What Chotu taught me

It was dawn when I first saw him. He was sitting at the corner of the wall just outside my home. His eyes were gleaming, his white fur shining. The cool breeze blew his whiskers.
He was looking steadily at the squirrels and birds, wanting to pounce on them. I was attracted to him as I had never seen a white cat before. I tried whistling, clapping and shouting to catch his attention but he didn’t budge.
My school bus had come, so I left hastily hoping to find him at the very place when I came back. It was as if God had listened to my small prayer.

When I came back, he was in my garden – resting, yawning. He looked so cute. As soon as I approached him, he ran. I started seeing him often now, our eyes met but he would run back. Then one day, I felt he was hungry. I ran inside our house, brought milk and lo! He came and drank. I was so near him. I could see the milk dripping from his whiskers. He was adorable.
I named him ‘Chotu’. He would now come to me whenever he was hungry and we became friends. I bought cat food for him from my pocket money.
I used to shake the cat food box and he came running.

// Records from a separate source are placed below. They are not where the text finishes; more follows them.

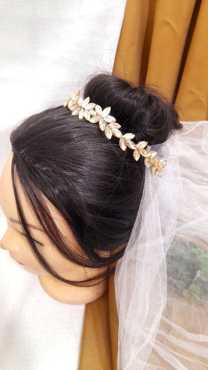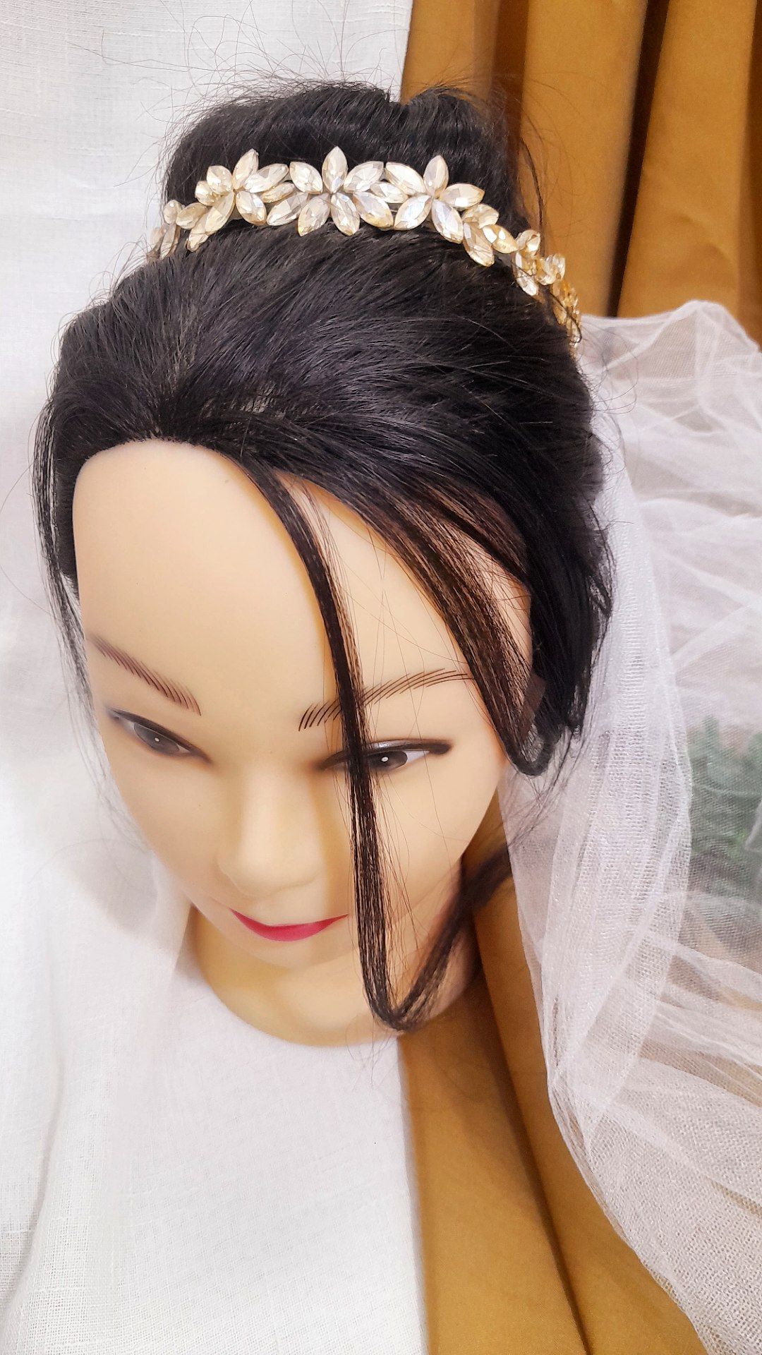 نیم تاج ظریف و زیبا تمام سنگ که از سنگهای اصل و چسب درجه یک تاجسازی تهیه شده و اصلن ریزش نگین نداره
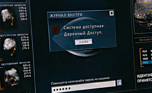 И снова перед нами фильм "Напряги извилины". Здесь прекрасно всё, особенно "Дарёный доступ". Хотя, вероятнее всего, имелось в виду "Доступ открыт". Ну и фраза "Пожалуйста, напечатайте пароль на машинке" - это просто нечто.
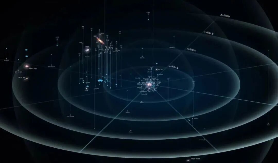 “本星系群”是一个跨度约为1千万光年的结构,包含了大约50个星系和矮星系,其中仙女座星系是最大的,银河系则排名第二,由于这两个星系占据了“本星系群”的大部分质量,因此整个“本星系群”的共同质心其实是位于仙女座星系和银河系之间,而那里几乎是一片虚无,除了极为稀薄的星际物质之外,什么都没有。
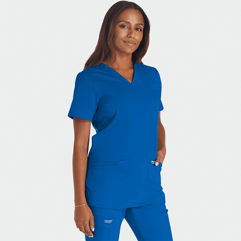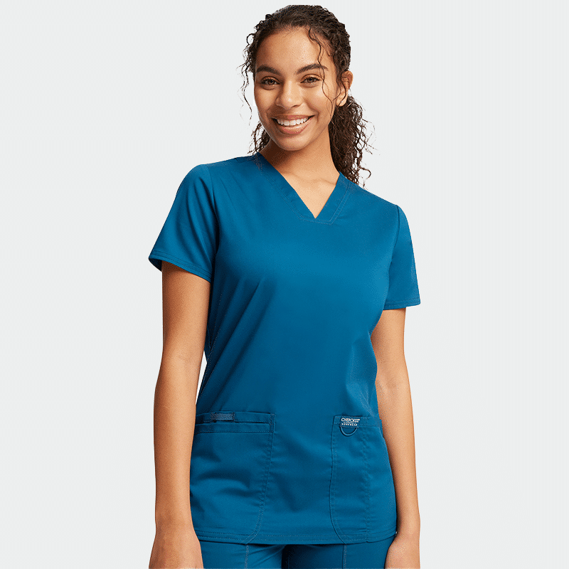 Γυναικεία ιατρική μπλούζα Cherokee REVOLUTION WWE620. Χρώμα Μπλε Καραϊβικής. Με V λαιμόκοψη, τσέπες και θήκη για στυλό. Κομψή & πρακτική.
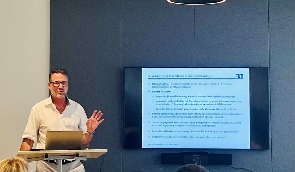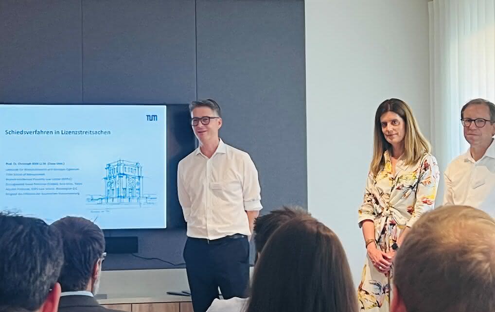 Special thanks go to Ramona Schardt, for her introductory remarks and to Christoph Ann (TUM School of Management and MIPLC), whose keynote speech on ‘License to Arbitrate – Schiedsverfahren in Lizenzstreitsachen’ laid the ground for an evening full of stimulating discussions. We would also like to thank the numerous participants from the judiciary, the legal profession and companies for coming, for the lively discussions, especially on the question of the arbitrability of patents, and for the extensive dialogue that followed.
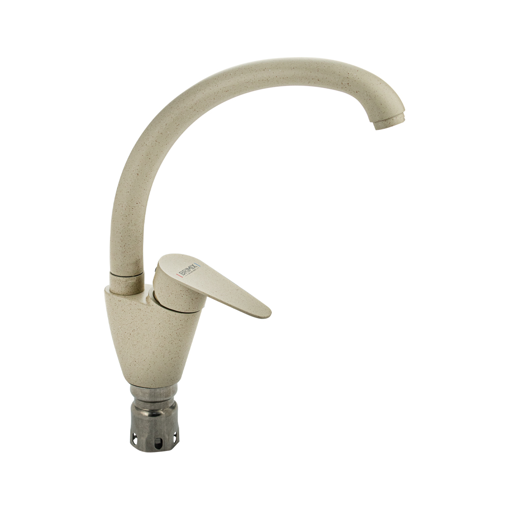 Смеситель для кухонной мойки и раковин, боковой, шаровый, корпус комбинированный, тёмно-бежевая матовая эмаль с вкраплениями и с хромом, с высоким С-образным изливом. Материал изготовления — нержавеющая сталь. Крепление резьба - гайка, картридж d = 40 мм, ручка с прорезью. Аэратор для экономии воды. Габаритные размеры: высота 280 мм, длина 250 мм, диаметр посадочного седла 50 мм, длина резьбы 55 мм, длина подводки 500 мм. Вес - 1,110 кг, объём - 0,00420 м3. В комплекте паспорт, корпус с изливом, подводка 1/2, крепеж, набор прокладок.

He would enjoy the food while I took a chance to slowly caress his fur. Chotu didn’t like me patting and brushing his back but still I did it. Our neighbours shunned me for feeding a cat, but by keeping his stomach full, I was saving birds, squirrels and the like. No matter how much food I gave him, Chotu didn’t grow at all. The name I gave suited him the best.

Feeding, caressing him, became a habit. Even he began to wait for me to come home. He could be seen climbing trees, running after squirrels, escaping from street dogs.

Without owning a pet, I became a proud pet owner, a pet who was not tied in chains. Sometimes, when he didn’t come, I used to call him from the balcony, garden, terrace. He used to appear from the midst of nowhere. Me and chotu were happy with each other.
One morning, as I stepped out of the house, I found Chotu lying outside my home. I cried, ‘Chotu Chotu’ and shook him but to no avail. He laid still, eyes closed. I felt I would faint. I could not go to school that day. I wept but he didn’t stir.
We buried him hoping his soul rests in peace. He had been killed by stray dogs the previous night. There was nothing I could have done. But from that day onwards, I’ve pledged to protect all creatures. God might have made a food chain but losing a loved one is so painful. We must be kind and gentle to all stray animals, birds. They too have the right to live.